September thought very carefully. “Maybe that’s so for Fairy money,” she admitted. “But human money is just money. It’s quite serious stuff. And even if it weren’t, it doesn’t matter whether or not money is imaginary, if everyone agrees that it’s got power. If we can’t pay the bank every month we’ll lose our farm, and I daresay they wouldn’t like it if my mother told them to square up for a duel.”

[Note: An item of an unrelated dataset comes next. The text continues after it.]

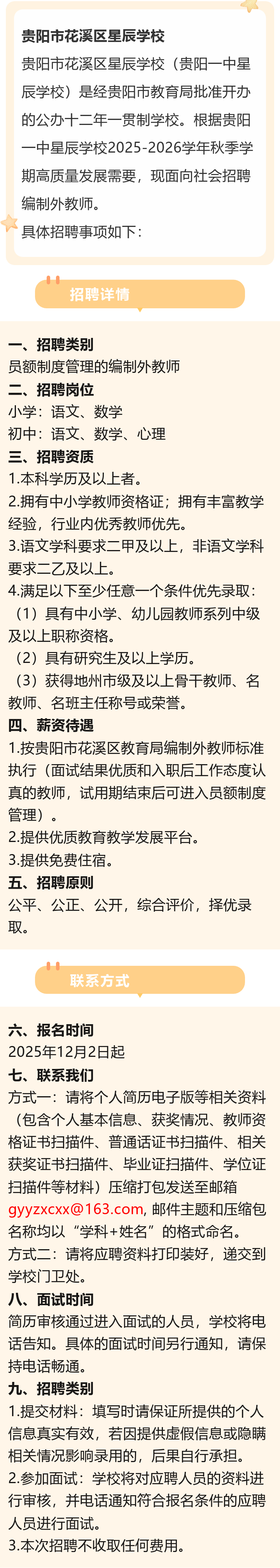 【事业单位】贵阳市花溪区星辰学校(贵阳一中星辰学校)招聘!提供免费住宿!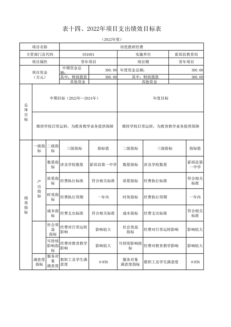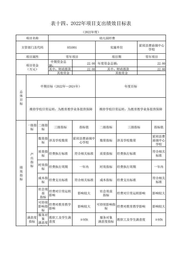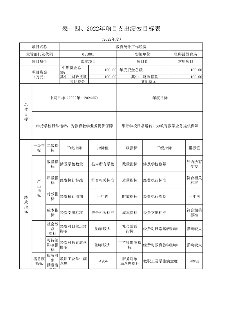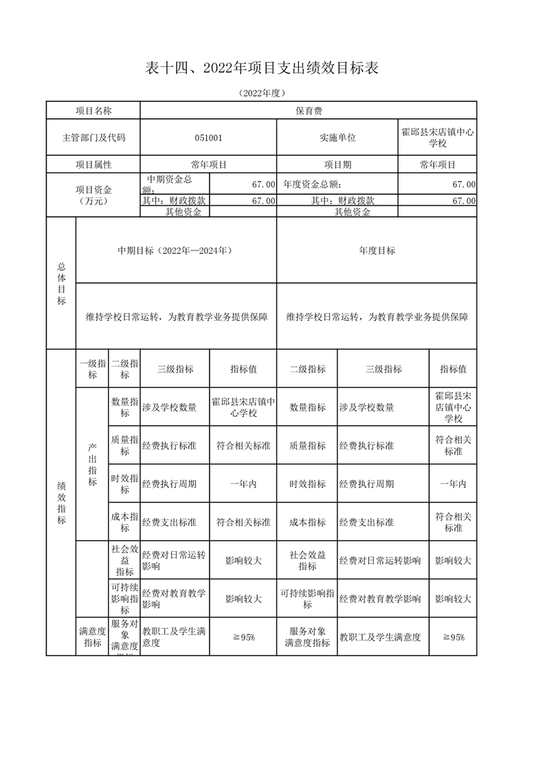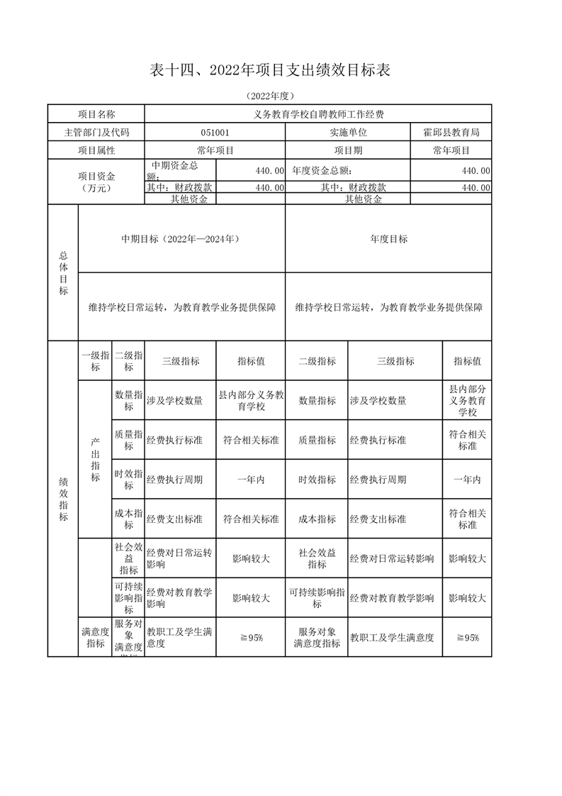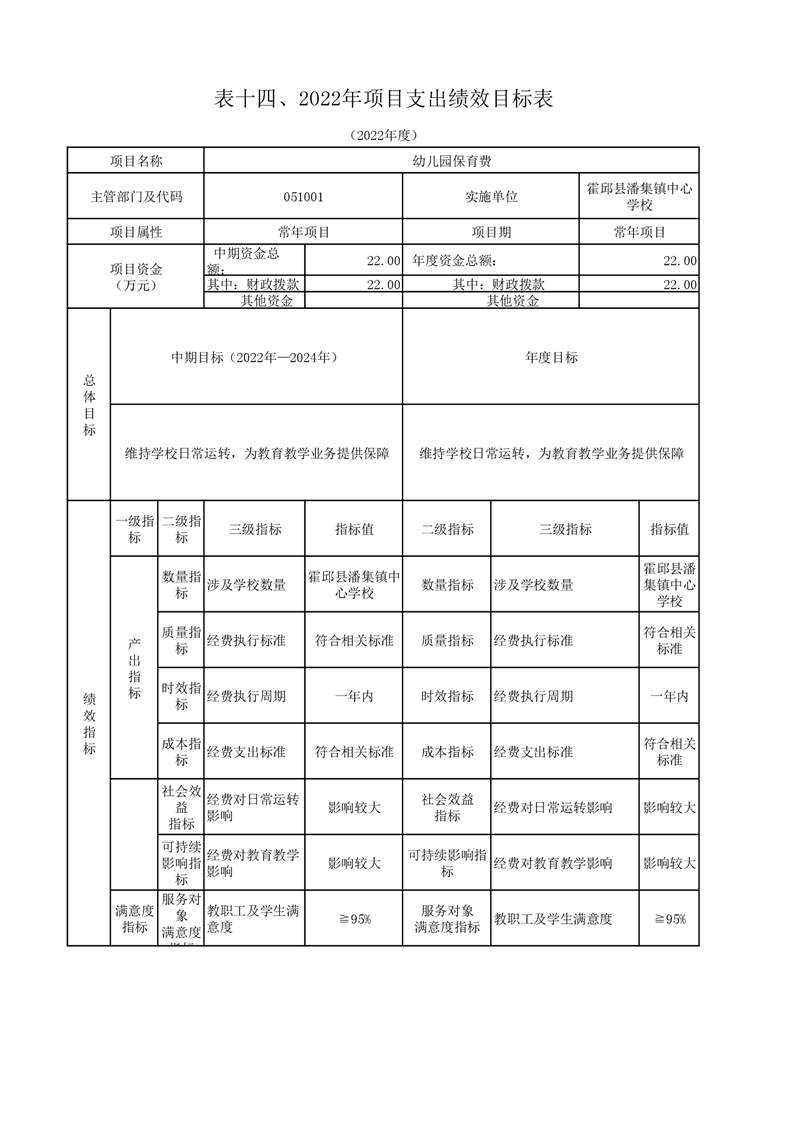霍邱县教育系统2022年项目支出绩效目标表(各校)

The Calcatrix grinned, showing all his silver teeth. “Just because it’s imaginary doesn’t mean it isn’t real.” He flared his green tailfeathers and settled one great penny-clad paw onto the Till’s hand crank. “Does your human money not make objects appear at your whim? Does it not change a person from one thing to another, perhaps from a frightened child in rags to a haughty industrialist in a suit? Does it not heal you when you are sick? The doctor must be paid, after all. Can it not strike down your enemies at your command? Keep some folk on one side of town and others high on the hill as sure as briars round a castle? Create a coal-fire in the hearth where there was none, whisk you away to a tropical clime when you are so cold you cannot bear to watch another snowflake fall? Oh, do tell me what wonders human money would have to muster to earn the awe with which you treat the littlest Fairyland bauble!” The Calcatrix laughed, the coins of his throat tinkling. “And hie ye not to the Stock Exchange, child! There sneaks so much sorcery, crackling along the ticker tape, that if enough men all together believe a Company has heaps of money, why, suddenly, it will swim in a sea of Conjured Cash! But should those same men turn their faith away, that Dinero Diabolick will vanish as fast as the first abracadabra ever uttered. All that gold, just-presto!-turned to sticks and seeds and pinecones. Now, call the Calcatrix a liar.”

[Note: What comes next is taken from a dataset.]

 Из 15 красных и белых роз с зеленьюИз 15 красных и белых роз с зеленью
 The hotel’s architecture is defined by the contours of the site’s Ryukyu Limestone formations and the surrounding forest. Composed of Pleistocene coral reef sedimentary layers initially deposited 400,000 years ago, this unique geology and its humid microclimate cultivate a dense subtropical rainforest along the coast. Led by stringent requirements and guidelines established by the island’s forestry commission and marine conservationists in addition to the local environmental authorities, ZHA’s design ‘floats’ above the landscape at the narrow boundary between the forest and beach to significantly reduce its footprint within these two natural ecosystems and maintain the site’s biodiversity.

September blinked. It looked like the truth, if you scrunched up your eyes. Hadn’t it happened just that way just before September was born? Hadn’t Aunt Margaret’s husband, that unhappy Uncle of whom they all so rarely spoke, gone from a great man with fur on his coat and squeak in his shoes to a pauper with only a dust farm and a lot of suddenly powerless paper in the space of a night?

The copper crocodile nodded curtly, seeing his case made. “But enough of all these free lessons in my rarefied speciality! How clever of you to get something for nothing-and here’s me hardly noticing. Well! Let us begin.” His feathered tail swept over the till as he bent down to get his stubby hands into the works. “We used to be dreadfully backwards about this, you know, weighing your soul against a feather and all that. But now we have a Methodology. Now we have Tools. It’s such a good lot of fun. Commence! Yes! First Inquiry!” The Calcatrix puffed with the effort of pushing the crank into position. “What is your profession?”

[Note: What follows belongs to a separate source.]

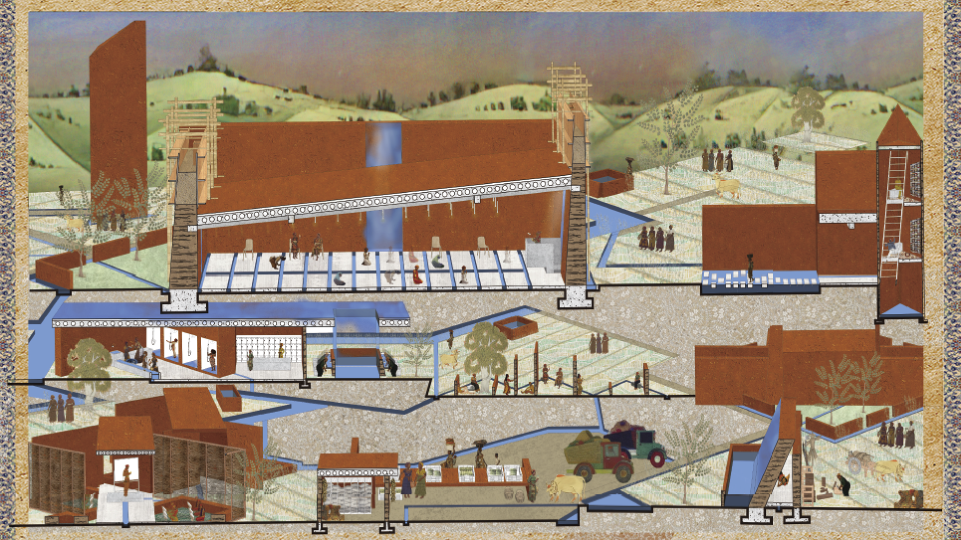 The project challenges the male-dominated hierarchy of traditional mosque typologies by overlaying an orthogonal grid aligned to Mecca upon the marginalized ‘forgotten spaces.’ Positioned next to farmland, the design supports the religious and communal life of female laborers by providing prayer halls, classrooms, and gathering areas. This female-centered spatial network functions as a new type of ‘agora,’ where knowledge-sharing, skills training, and collective empowerment take place. Drawing on the framework of critical regionalism, the design aims to reconfigure gendered spatial dynamics and offer women a tangible platform to renegotiate their socio-religious roles.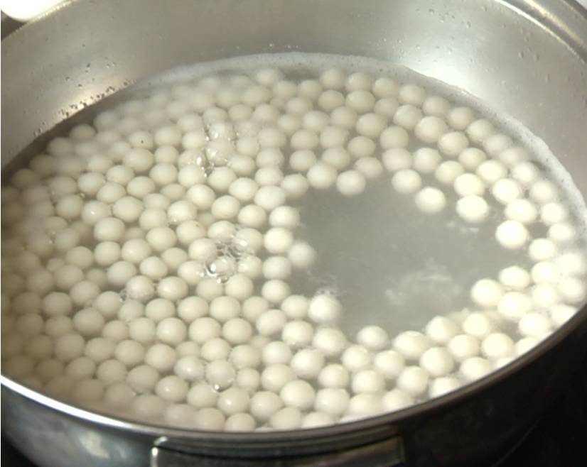 1、锅里倒入适量的水煮沸,再倒入小圆子

September’s shoulders fell. “I… I haven’t got one yet.”

The copper crocodile blinked his silver eyes. “Excuse me,” he said, “but that’s just ridiculous. How can you have a Way if you haven’t got a profession? And how can we put you down in our books if you haven’t got a Way? Surely you’re employed somehow.”

“I go to school,” September offered. “And I do odd jobs for those that need it.”

The Calcatrix scowled. “All jobs are odd, or they would be games or naps or picnics. Well, let’s ring this up item by item. What sort of thing do you like to do best?”